Port Hawkesbury Paper didn’t clearcut areas with mature hardwood forest in the Loon Lake area, Pulsifer said. Instead, the mill used a technique called group selection that sees less than 30 per cent of a stand cut so that it can regenerate.

However, those boots on the ground, who are trained by the department and paid by the mill, did not identify the potential for old-growth forest in the area around Loon Lake.

“We are using adaptive management,” responded Pulsifer.

“I am confident today that if the same people were going to go back in today, they would be able to identify (the potential for old growth).”

But Marven Hudson, district superintendent for Port Hawkesbury Paper, said identifying old growth is the province’s responsibility, not the mill’s.

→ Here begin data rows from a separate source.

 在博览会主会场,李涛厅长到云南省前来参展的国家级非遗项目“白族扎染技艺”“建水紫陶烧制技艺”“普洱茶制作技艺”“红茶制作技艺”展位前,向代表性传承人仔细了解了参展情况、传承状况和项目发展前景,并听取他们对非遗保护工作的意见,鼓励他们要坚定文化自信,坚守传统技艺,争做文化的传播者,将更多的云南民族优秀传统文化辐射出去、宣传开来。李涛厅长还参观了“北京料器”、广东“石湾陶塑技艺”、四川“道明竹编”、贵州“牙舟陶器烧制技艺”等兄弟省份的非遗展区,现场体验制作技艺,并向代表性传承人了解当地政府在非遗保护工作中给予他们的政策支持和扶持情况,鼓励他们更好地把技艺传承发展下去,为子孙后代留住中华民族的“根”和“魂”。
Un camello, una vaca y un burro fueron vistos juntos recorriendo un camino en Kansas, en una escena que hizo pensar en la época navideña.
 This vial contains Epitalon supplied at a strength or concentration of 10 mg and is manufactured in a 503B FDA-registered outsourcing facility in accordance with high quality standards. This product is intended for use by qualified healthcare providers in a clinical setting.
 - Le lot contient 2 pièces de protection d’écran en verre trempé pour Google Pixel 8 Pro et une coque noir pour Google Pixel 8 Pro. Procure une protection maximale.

“We don’t identify the old growth — the province identifies old growth,” he said. “We put our (pre-treatment assessments) into that program and it spits out what treatment we should do.”

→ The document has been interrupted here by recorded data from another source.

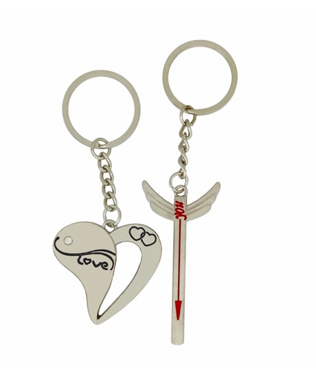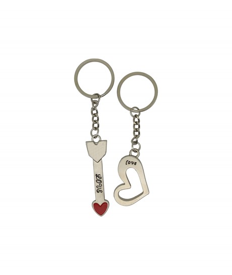 Love Yazılı Kalp ve Ok Tasarımlı Çift Metal Anahtarlık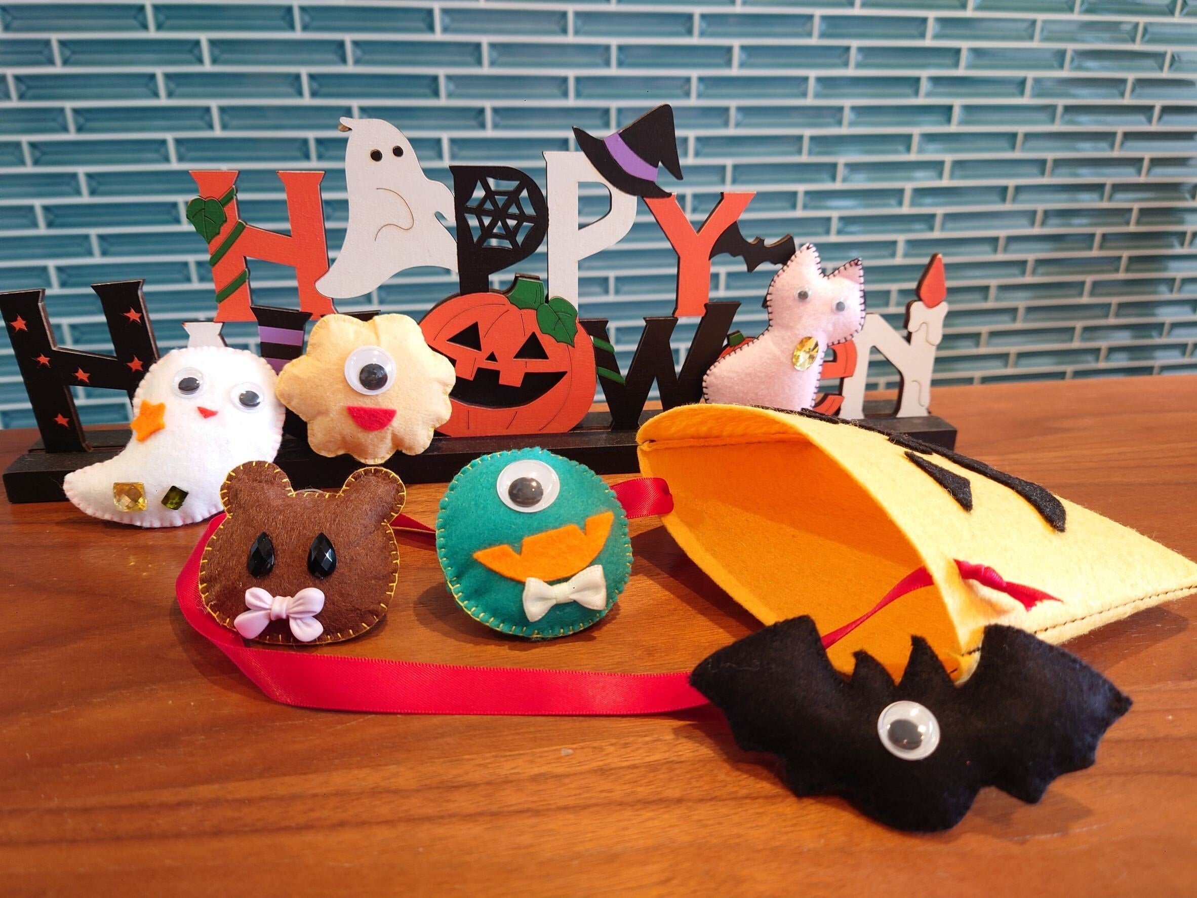 ①ワークショップ(フェルトのおばけバッグ作り(お子様向け)、フェルトのお化けマスコット作り(大人向け))
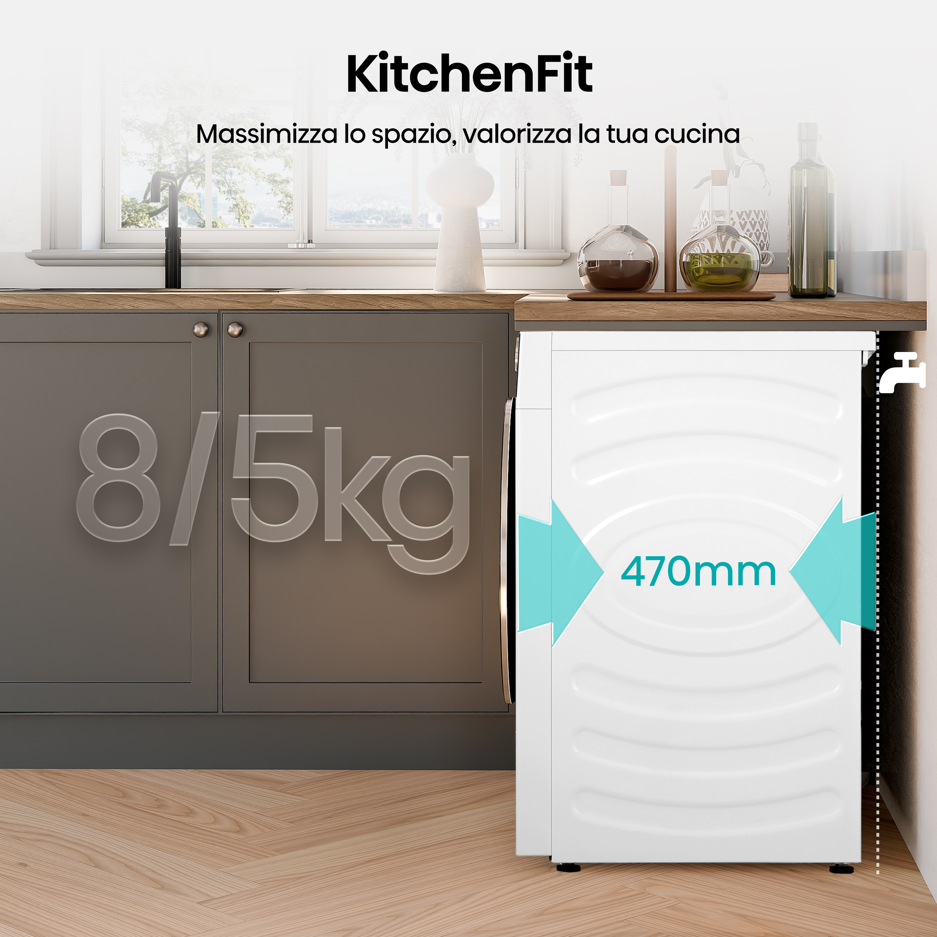 Hisense WD5I8043BWF. Tipo di carica: Caricamento frontale, Posizionamento dell'apparecchio: Libera installazione, Colore del prodotto: Bianco. Capacità di asciugatura: 5 kg, Velocità di centrifuga massima: 1400 Giri/min, Classe di efficienza della centrifuga: B. Angolo di apertura della porta: 135°. Classe di efficienza energetica (lavaggio): A, Classe di efficienza energetica( lavaggio e asciugatura): D, Consumo di acqua (lavaggio): 38 L. Profondità: 470 mm, Larghezza: 595 mm, Altezza: 845 mm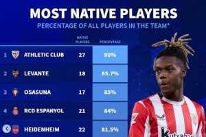 德轉(zhuǎn)列本土球員占比最高球隊: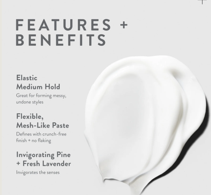 Flexible, mesh-like hair paste for men forms undone, crunch-free and flake-free hairstyles.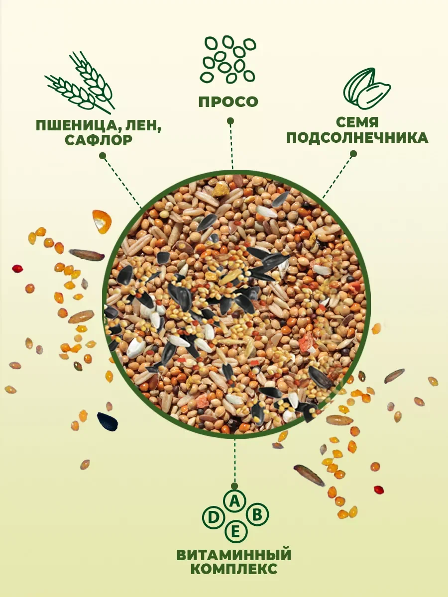 Состав *Просо желтое, просо красное, просо белое, овес, подсолнечник,пшеница, лен, витаминный комплекс.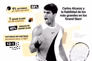 El nivel de efectividad a la hora de levantar el título de Carlos Alcaraz en los 'Grand Slam' está también a la altura de los mejores. Hasta el momento, el tenista de El Palmar ha ganado siete de los 20 'grandes' que ha jugado, lo que supone un 35 por ciento de títulos, subiendo el porcentaje al 40 si de jugar la final se trata. Unos números solo superados, en la Era Open, por el sueco Born Borg, que levantó 11 de 28 (39,3).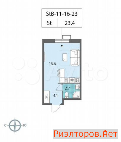 Общая площадь 23.4 м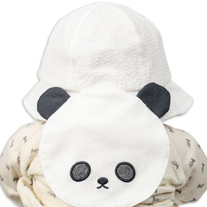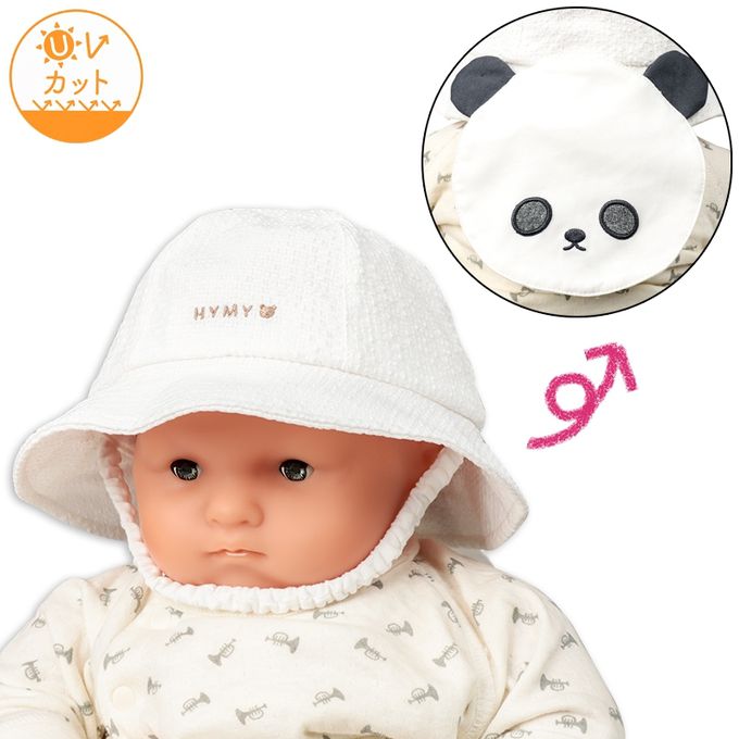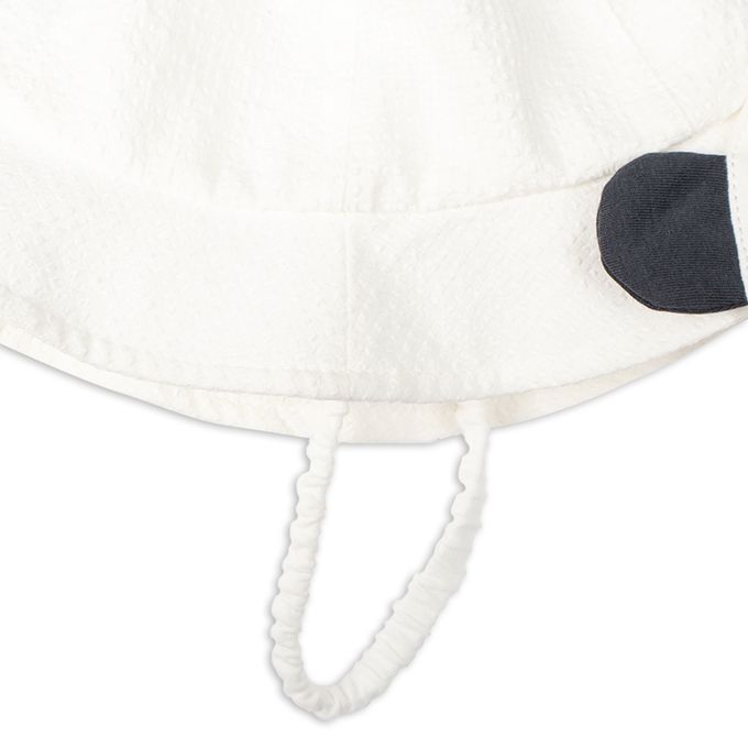 下巴有鬆緊帶可防止被風等吹落。下巴鬆緊帶用布料裹住,使膚觸更舒適。

Hudson said provincial staff receive the pre-treatment assessments, which include information on the stands’ maturity and species composition, and that it is up to them to visit the sites if they are concerned about old-growth forest.

Pulsifer said he didn’t think any department staff had visited the sites in the Loon Lake Road area that were recently cut or are destined to be cut.

On paper, the department is pretty clear about protecting oldgrowth forests. “The Old Forest Policy will conserve the remaining oldgrowth forests on public land and ensure that a network of the best old forest restoration opportunities is established,” reads the province’s policy document, passed in 2012.

According to the document a stand is considered old growth if:

• 30 per cent or more of the total volume of wood

in an area measured at breast height (known to foresters as the basal area) is composed of trees more than 125 years old;

• at least half the area is taken up by climax species — long-lived varieties of trees that require the shade of a forest canopy during their early years; and

• more than 30 per cent of the sky is blocked out by tree crowns.

On Tuesday, Pulsifer said the above description is a “minimum” for old growth and that his staff look for other things as well.

Asked if the department considered cutting old-growth forest to be acceptable, he said, “It can be, depending on where we are.”

Pulsifer said that because the province has already protected about 16 per cent of the land in that particular ecodistrict as old forest — above the required eight per cent — the department is able to allow some cutting in areas that could qualify as old forest.

According to a document provided by Port Hawkesbury Paper, of the hardwood it has cut in the area of Loon Lake Road, 73 per cent went for fuel wood (biomass), 11 per cent for firewood, eight per cent for hardwood pulp, six per cent for saw logs and a very small amount to make pallets.

Hudson said the mill will not cut a proposed site around Rocky Lake while the province investigates whether it qualifies as an old-growth forest.

The logging roads are currently closed in the area due to spring thaw, and no harvesting is happening until they reopen.